According to a recent article in the Journal of Higher Education ("Classroom Organization and Participation: College Students' Perceptions" by Robert R. Weaver and Jiang Qi, Sept/Oct 2005), there are many well-studied factors that influence student participation, including class size, student age and gender, and student preparation, many of which are outside faculty control.
Another factor to consider is the time faculty spend with students outside of the classroom. Creating small learning communities that counter the formal structure of the classroom can encourage student engagement in regular class discussions.
Weaver and Qi recognize that devoting extra time to students outside of class diverts faculty time from activities such as research that are better rewarded by administrators, and is therefore risky. But perhaps there are other ways that I can reach out to students individually or in small learning groups, such as by creating online discussion pods where I can communicate more informally with a few students at a time, and make a more meaningful connection. I plan to implement this in my summer courses.
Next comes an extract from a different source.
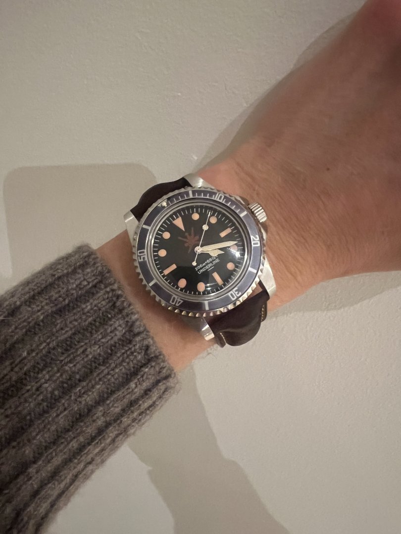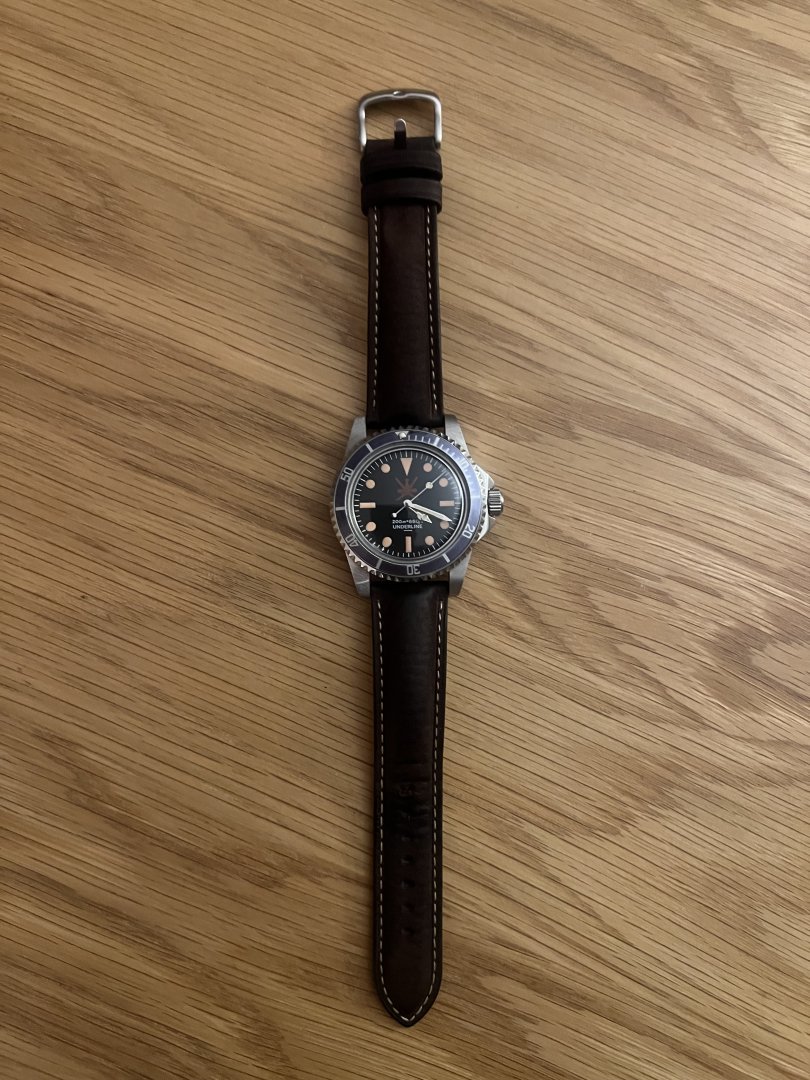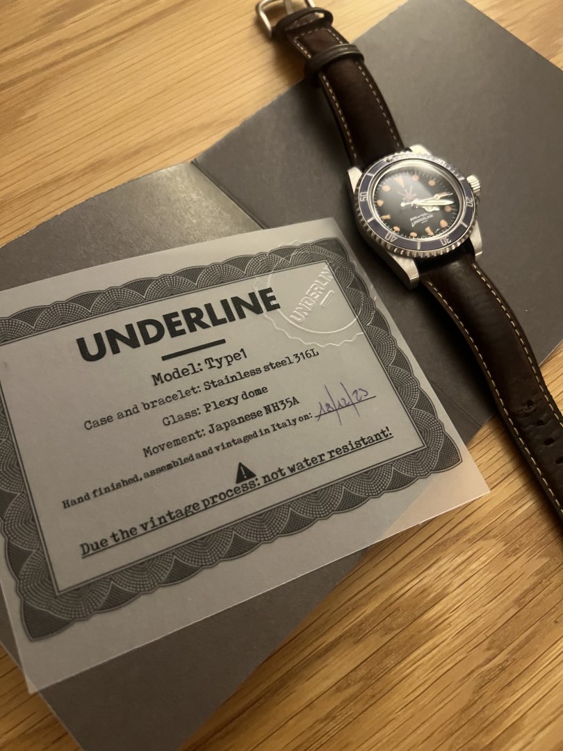 Selgere en kul Underline Type1 klokke på brun skinnreim. Lenken som satt på har dessverre blitt borte.

USING HUMOR ON COLLEGE TESTS - DOES IT IMPROVE STUDENTS' PERFORMANCE BY LESSENING TEST ANXIETY? (November 2013)
I give extensive and challenging multiple-choice, true/false exams in most of my courses, designed to encourage reading the assigned texts and to assess reading comprehension skills. I typically add a few silly questions to the pool, sometimes marking the correct response with the hint, "This is the right answer!" just for a laugh. Recently, I also added some stand-up comedy clips about race relations in America to my unit on Reconstruction, to help ease students into a serious discussion comparing discrimination in the post-Civil-War era to the present.
I would like to know what researchers have found about the effects of humor on helping students relax and perform with greater confidence on challenging course requirements. According to a 2000 article from College Teaching, there is no simple, proven correlation between humorous test items and lower student anxiety. However, "the findings of the six-year study reported in this article indicate that undergraduate and graduate students feel humor is effective in reducing their anxiety and making it possible to perform their best on exams."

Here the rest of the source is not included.